Fair offer needed for Quake Outcasts and owners of bare land

The recent High Court ruling that found that the Government’s offer to purchase uninsured properties and vacant land in quake-affected parts of Christchurch was not done according to the law is a huge breakthrough for a group of red-zone land owners. They have felt so alienated and disenfranchised by Government decisions that they called themselves the Quake Outcasts.

The Crown offer to home owners in Christchurch’s residential red zone was to buy their properties at 100% of the 2007 rating value of their homes and properties.  Many have since accepted.

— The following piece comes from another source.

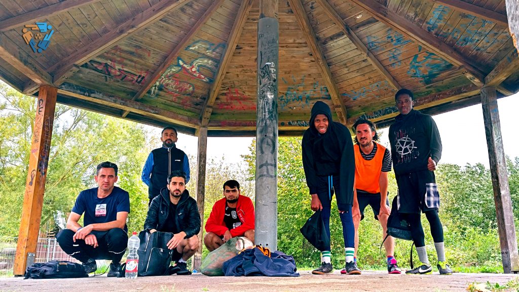 „Slippery, when wet“ war das Motto, nachdem es Nachts geregnet hatte. Unser Ausweichplatz an der Kapitänspromenade trocknete an den schattigen Stellen nicht. Beim vier gegen drei hörten wir irgendwann bei jeweils fast 30 Toren auf zu zählen. Danach wechselten wir auf das, was die Alt-#Kopfgrätsche|r „“Franks Modus“ nennen. Und dann kam der Regen, weswegen wir uns für das Abschlussfoto unter die benachbarte Pagode retteten.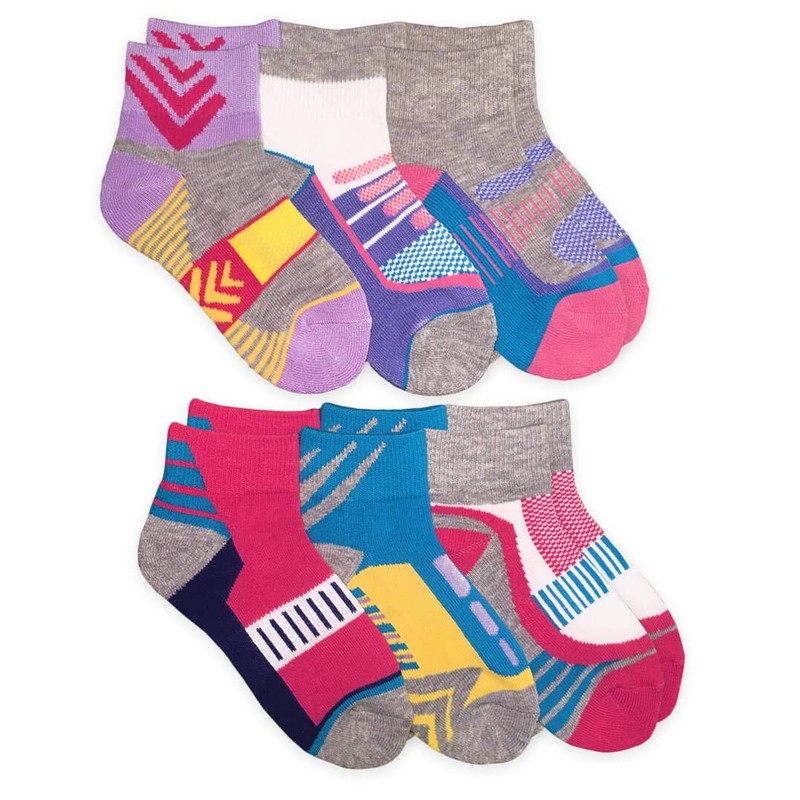 Jefferies Socks Girl's Tech Sport Colorful Pattern Quarter Half Cushion Socks 6 Pair Pack, Multi, Medium

The Crown only offered half that amount – 50% of the 2007 rating value – to the owners of bare land (which you can’t insure in New Zealand) and a small number of residents who were not insured.

The Quake Outcasts thought this offer was unfair.  They said it was an “abuse of power”.  So in March this year the Quake Outcasts, along with property development company Fowler Developments Ltd which owned 11 sections in the Brooklands area, challenged the Government’s compensation policy through a judicial review action in the High Court.

The Court upheld their concerns.

The Human Rights Commission said that this case raises significant human rights concerns.

Justice Panckhurst said the Government’s decision on the compensation policy and the offers made for vacant land and uninsured properties was not according to law. The Court has directed Canterbury Earthquake Recovery Minister Gerry Brownlee and CERA CEO Roger Sutton to reconsider and “reach a new decision” about purchasing these properties.

The Government should respect the Court’s decision and work out a fair deal for this small group. Instead, Minister Brownlee has just confirmed that the Government will appeal the ruling.

And what does our Prime Minister say? He said that the 50% offer was appropriate and that “one option, of course, is the government just says ‘well okay, thanks very much, it’s been a lot of fun’ [and walks away]”.

The Quake Outcasts deserve a fair deal for their bare land. Not being able to insure it is not their fault. The decision to create the residential red zone and CERA’s clearance strategy of demolishing homes, reducing services and clearing land means they are or will be denied the ability to use their land.

These people have mortgages they have to pay. They want to be able to move on. They can’t do that if they only receive half of the value of their property.

The Government has spent more than $1.7 billion on Crown purchases in the residential red zone. The cost of doing the right thing by the 46 members of Quake Outcasts and Fowler Developments will be a few million more. But it’s the fair thing and the right thing to do.

And it’s about implementing one of the purposes of the CERA Act to ensure that affected communities recover from the impacts of the earthquakes.

6 thoughts on “Fair offer needed for Quake Outcasts and owners of bare land

  1. Fair offer needed for Share Outcasts and owners of shares.

    Not being able to insure shares is not their fault.These people have mortgages they have to pay. They want to be able to move on. They can’t do that if they only receive half of the value of their shares.

    Should the New Zealand taxpayer underwrite investments on the basis they are uninsurable? Or just land? How about investments in land holding companies?

    Discuss.

    Like or Dislike: Thumb up 4 Thumb down 0 (+4)

  2. If you own a house and don’t insure it, why should I, a tax payer, compensate you for your loss. If the government pays out on these claims then why would anyone pay for insurance in the future.

    Like or Dislike: Thumb up 4 Thumb down 3 (+1)

  3. Fair offer needed for Share Outcasts and owners of shares.

    Arana! Nice to see you back.
    Excellent points btw.

    Dave – I agree wholeharetedly. If you can’t insure an improvement, you shouldn’t own it. Land is a bit tricker but in the end, force majeure and common sense does need to apply.

    Life is not without risk.

    Like or Dislike: Thumb up 0 Thumb down 2 (-2)

  4. I would like to hear from the banks regarding this issue, as those people who have a mortgage on bare land have lost half the assets backing that mortgage and are thus more likely to be unable to repay their mortage.

    The key point is that the land has lost its value not because it was damaged in the quakes but because the government changed the rules. This is a loss that isn’t insurable, and the government should compensate people fully.

    Trevor.

    Like or Dislike: Thumb up 2 Thumb down 0 (+2)

  5. The key point is that the land has lost its value not because it was damaged in the quakes but because the government changed the rules. This is a loss that isn’t insurable, and the government should compensate people fully.

    You mean just like when Labour unbundled the local loop (essentially a nationalisation of some of Telecoms assets) and prevented Auckland Airport shareholders selling their shares?

    Yes, let’s have the state compensate property owners when the state changes the rules.